WHAT YOU SHOULD DO =
Copy the listing in full and exactly, omitting its images.

DATA EXTRACT =
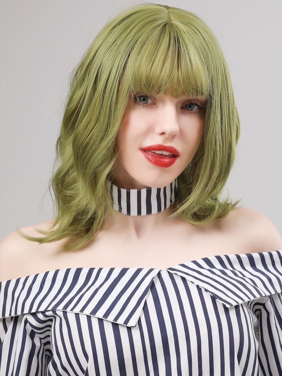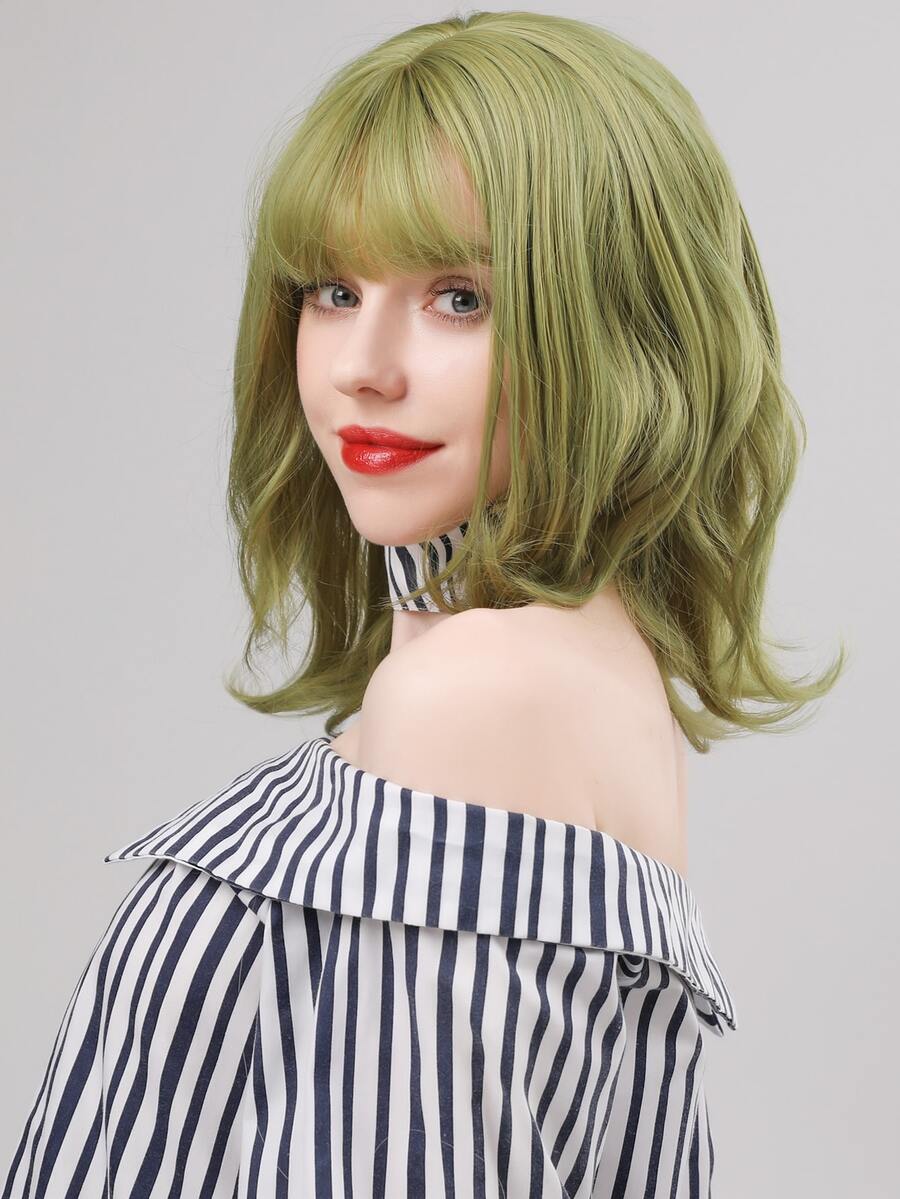 Parrucca corta riccia naturale con frangia
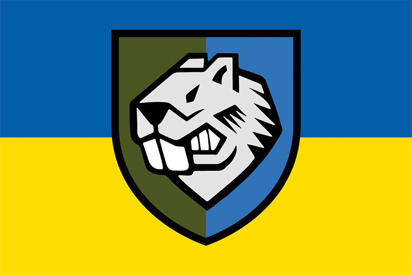 Флаг 808 понтонно-мостового полка (808 ПоМП) ВСУ сине-желтый
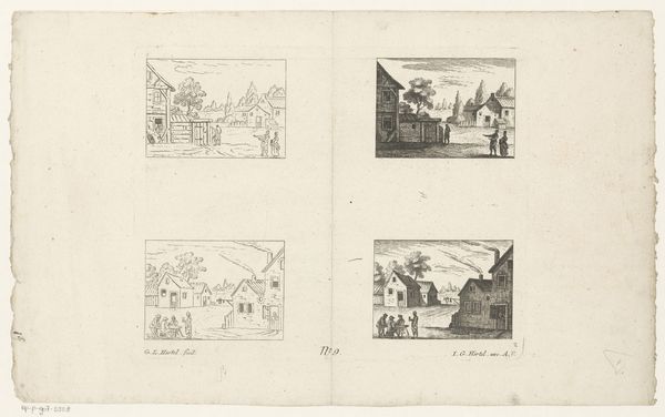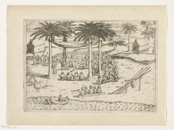 Editor: Here we have an engraving from the early 1600s, "Logement van Van Warwyck en Van Heemskerck op Bandaneira, 1599," made by an anonymous artist. The crisp lines depict a bustling scene, maybe even a little chaotic, taking place in what seems to be a tropical locale. What's your initial read on this image? Curator: It's a fascinating piece when considering the context of the Dutch Golden Age. This engraving visualizes a specific moment of early Dutch colonial activity, a key era in understanding Dutch national identity and its relationship with global trade. Editor: Can you tell me more about that? What aspects speak to colonial activity? Curator: Observe the implied power dynamic. We see Dutch officials seemingly observing local labor; this establishes a clear visual hierarchy. The tents are used for lodging while nutmeg harvesting takes place in the background, which also is significant as nutmeg fueled European expansion in that period. Editor: I see, the local workers outside. I’d assumed they were carrying things for trading or maybe part of some celebration. The officials inside do give off a sense of detached observation. Curator: Indeed. Now, consider the very act of creating and circulating this image. What public did it serve? How did this image shape the perception of the Dutch East India Company's activities back home? Editor: That's interesting. It could be interpreted as promoting their power and legitimizing the trade efforts…even if it was brutally harvested from locals? Curator: Precisely. It served a socio-political purpose, visually justifying and normalizing Dutch involvement in the Spice Islands. How do you view this print differently now, knowing its historical context? Editor: I think it shifts it from just a busy scene to a record – or rather, a constructed view – of a colonial encounter and really illustrates the problematic power dynamics at play. It makes me think a lot about the ethics of visual representation then and now.

SOLUTION TO THIS TASK =
 Parrucca corta riccia naturale con frangia
 Флаг 808 понтонно-мостового полка (808 ПоМП) ВСУ сине-желтый
 Editor: Here we have an engraving from the early 1600s, "Logement van Van Warwyck en Van Heemskerck op Bandaneira, 1599," made by an anonymous artist. The crisp lines depict a bustling scene, maybe even a little chaotic, taking place in what seems to be a tropical locale. What's your initial read on this image? Curator: It's a fascinating piece when considering the context of the Dutch Golden Age. This engraving visualizes a specific moment of early Dutch colonial activity, a key era in understanding Dutch national identity and its relationship with global trade. Editor: Can you tell me more about that? What aspects speak to colonial activity? Curator: Observe the implied power dynamic. We see Dutch officials seemingly observing local labor; this establishes a clear visual hierarchy. The tents are used for lodging while nutmeg harvesting takes place in the background, which also is significant as nutmeg fueled European expansion in that period. Editor: I see, the local workers outside. I’d assumed they were carrying things for trading or maybe part of some celebration. The officials inside do give off a sense of detached observation. Curator: Indeed. Now, consider the very act of creating and circulating this image. What public did it serve? How did this image shape the perception of the Dutch East India Company's activities back home? Editor: That's interesting. It could be interpreted as promoting their power and legitimizing the trade efforts…even if it was brutally harvested from locals? Curator: Precisely. It served a socio-political purpose, visually justifying and normalizing Dutch involvement in the Spice Islands. How do you view this print differently now, knowing its historical context? Editor: I think it shifts it from just a busy scene to a record – or rather, a constructed view – of a colonial encounter and really illustrates the problematic power dynamics at play. It makes me think a lot about the ethics of visual representation then and now.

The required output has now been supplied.